Also, a great Estate Planning Attorney can structure the inheritance for the children, to stay in trust for his or her lifetime. This can protect the inheritance from the potential creditors from the child for example divorce, bankruptcy, lawsuits, etc. My estate plan is structured that upon the deaths of we, our estate will be divided out into separate trusts to provide one trust for every of our children. We now have a completely independent trustee plus some incentives in each trust. At age 35, the child has got the to become his or her own trustee. So, essentially, the kid are now able to originate from the trust whatever the child wants for his ?health, education, support and maintenance?. The child can also be free, as the trustee, to get the trust assets right into a beach house, a cabin, or any investment that she or he chooses. Meanwhile, in the event that child divorces, his or her spouse cannot touch that trust. Also, if that child files bankruptcy, then your creditors cannot reach the assets in this trust. I refer to this as a ?wrapper of protection? that people can place around the assets which provides the trust ?bullet proof? creditor protection to the children. It?s also important to remember that a child cannot create his own trust to supply this sort of protection. UK Fashion Dresses The law in many states is really that the trust provides creditor protection only in cases where it was created by one individual for that benefit of someone else. Quite simply, the grantor or creator from the trust, cannot also be a beneficiary from the trust and achieve creditor protection. So, so long as the trust is made by a parent, for that advantage of a child or grandchild, it may have the creditor protection described above.

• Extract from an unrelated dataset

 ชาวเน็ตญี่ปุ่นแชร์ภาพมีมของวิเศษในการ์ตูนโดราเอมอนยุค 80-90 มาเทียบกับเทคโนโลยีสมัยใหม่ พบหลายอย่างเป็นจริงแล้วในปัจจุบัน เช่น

Providing a Plan for Incompetency ? As most of us age, we can see that our minds and our memories begin to diminish. Most of the estate litigation which comes into our firm relates one way or another to the incapacity of one or each of the mother and father. At these times we have seen many children turn against each other and a fight ensues as to what is in the needs of mom and dad. Unfortunately, the children seldom agree in regards to what is best. So, a legal battle is waged to find out who has the charge of the assets and who has a chance to make medical and financial decisions. Yes, a few of these problems should be addressed inside a Power of Attorney. But, Powers of Attorney were meant to cope with temporary situations, not permanent solutions. It is far better to possess a plan, drafted inside of the Trust, as to who will become in charge (?successor trustee?) when dad and mom aren?t capable. Also, to what extent will the Successor Trustee have a duty to give an accounting to any or all of the kids and keep them informed? Under what circumstances can dad and mom be moved out of state? What?s the plan once the assets go out? Will mom and dad live in a elderly care? Remember that someone over 75 is a lot more likely to become disabled and incompetent within the next Five years they are to die within the next 5 years. Then, couple this with the fact that the children are more likely to fight over issues in regards to what transpires with mom and dad, they will be to fight over the inheritance if mom and dad die. Customers are more likely to prevent all of these fights if there is a highly drafted estate plan in place.

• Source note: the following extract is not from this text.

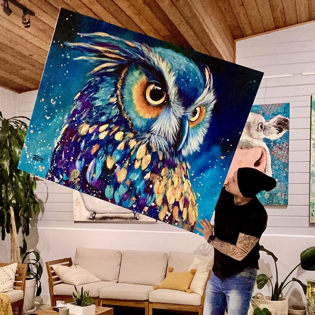 Jordan became self-taught by chance, diving headfirst into experimentation, spills, and happy accidents. What started as casual fun evolved into a distinctive style: bold, large-scale portraits of people and animals that radiate energy, emotion, and personality. Each brushstroke tells a story, and every painting invites viewers into Jordan’s world—one where color, motion, and heart take center stage.
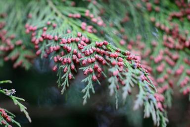 Keywords: fir balsam fir tree flowers spring close-up tiny red flowers green tree evergreen march macro

Privacy ? Many clients such as the proven fact that an estate administered under a Trust is more apt to be kept private then an estate administered through the Probate Court. So, a number of our clients will create a Trust for that simple fact. Most of us have seen the ads on television where someone is referring to real estate strategy of buying property from an estate. How do these professionals find the property and know what is within probate and what isn?t? The answer is easy, in many probate proceedings, a listing is filed to the court and this inventory is a criminal record. So, everything needs to happen is you have a person relaxing in a workplace, searching the probate records to find property. Then, it?s also simple to find the names and addresses from the heirs. Now, if most of the heirs are outside the state, and there is local property, then your magic is incorporated in the proven fact that these heirs are now ?motivated sellers? and you will make a low ball offer. The end result is that the financial affairs from the decedent are actually public records that may be easily searched from any computer. The creation of a Trust provides privacy and avoids this issue of privacy altogether.

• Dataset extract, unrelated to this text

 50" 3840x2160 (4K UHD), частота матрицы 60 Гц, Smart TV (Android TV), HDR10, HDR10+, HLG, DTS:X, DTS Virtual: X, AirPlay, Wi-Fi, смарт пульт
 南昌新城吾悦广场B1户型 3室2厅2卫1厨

To conclude, there are lots of benefits to estate planning. It?s also true that there are many risks and problems that are made by not having an estate plan in place. The main reason and benefit that?s vital that you you?ll depend on your circumstances. Actually, I have listed the reason why that are lowest to me first, and the reasons that are most significant in my experience last. That is me, but relies upon 27 years of experience. You must decide what is important to you. But, in the end at least focus on the issues and plan for the inevitable. Early in my career I created a ?line? that I used in my public seminars. When the client said, ?oh, I truly don?t believe estate planning may benefit me at all.? My response was ?okay, put my business card in your refrigerator?. I said this tongue in cheek understanding that the few dollars the customer should have spent on the creation of an estate plan would multiply into huge attorney?s fees when the children would start to fight trying to unravel the many problems brought on by insufficient planning, or poor planning. There?s a reason why our estate litigation department may be the fasting growing practice area of our firm. Hopefully, your loved ones won?t fall into this trap. Whatever your reason, or ?just one thing? may be, use that as your motivation to create a quality estate plan. This can ensure invaluable peace of mind for you personally and for all your family members.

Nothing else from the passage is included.